_Task to complete_
Your copy should match the listing below word for word, with no images in it.

Top of Data excerpt

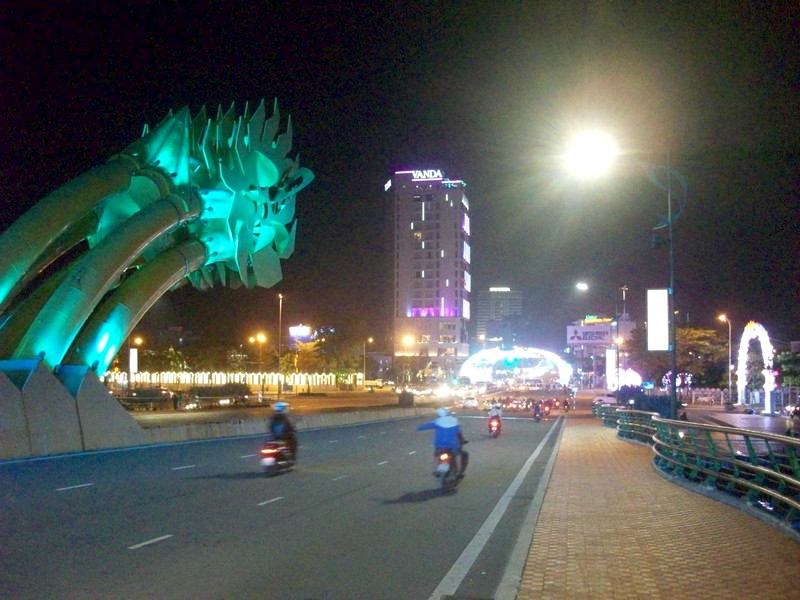 «Мост Дракона» в Дананге. Вид в сторону центра города. Время 19:16.
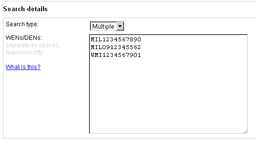 To search for multiple WENs at once enter the WEN numbers seperated by a space.
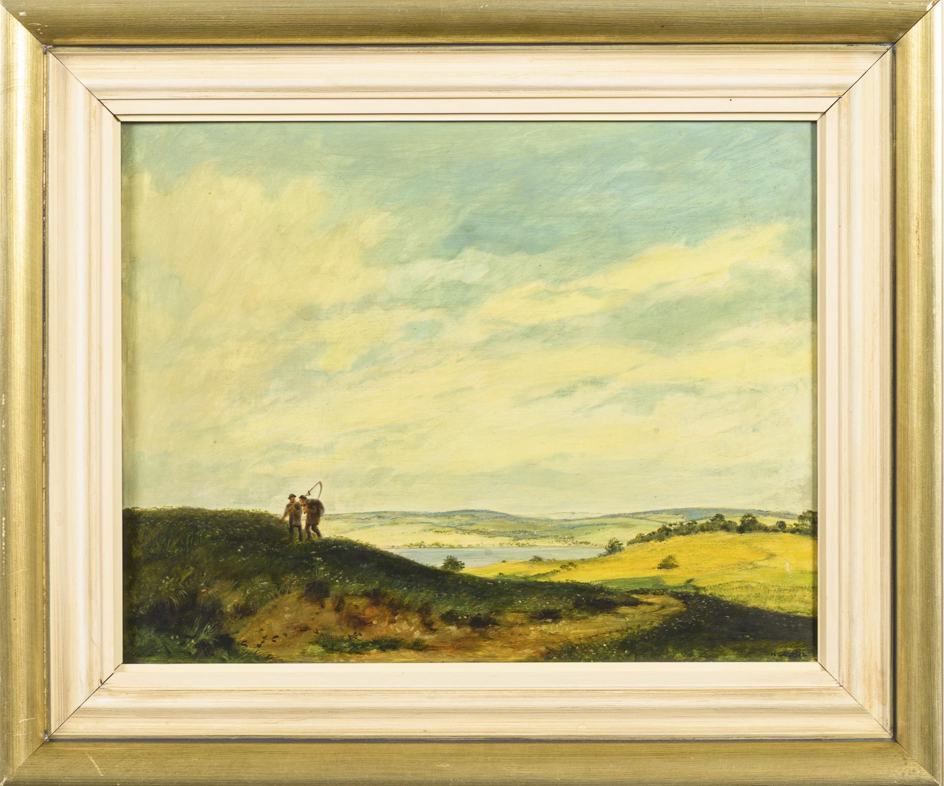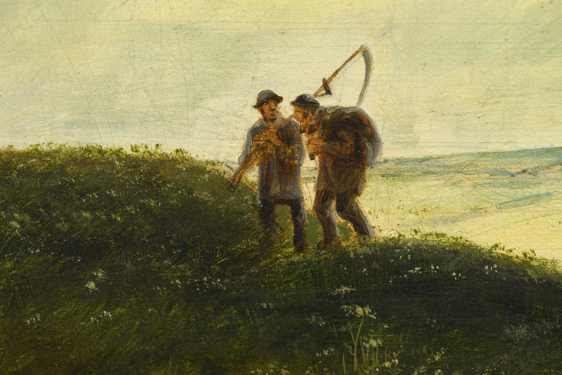 Zwei Bauern mit Sense in weiter hügeliger Landschaft unter wolkigem Himmel.

Bottom of Data excerpt

_Expected output_
 «Мост Дракона» в Дананге. Вид в сторону центра города. Время 19:16.
 To search for multiple WENs at once enter the WEN numbers seperated by a space.
 Zwei Bauern mit Sense in weiter hügeliger Landschaft unter wolkigem Himmel.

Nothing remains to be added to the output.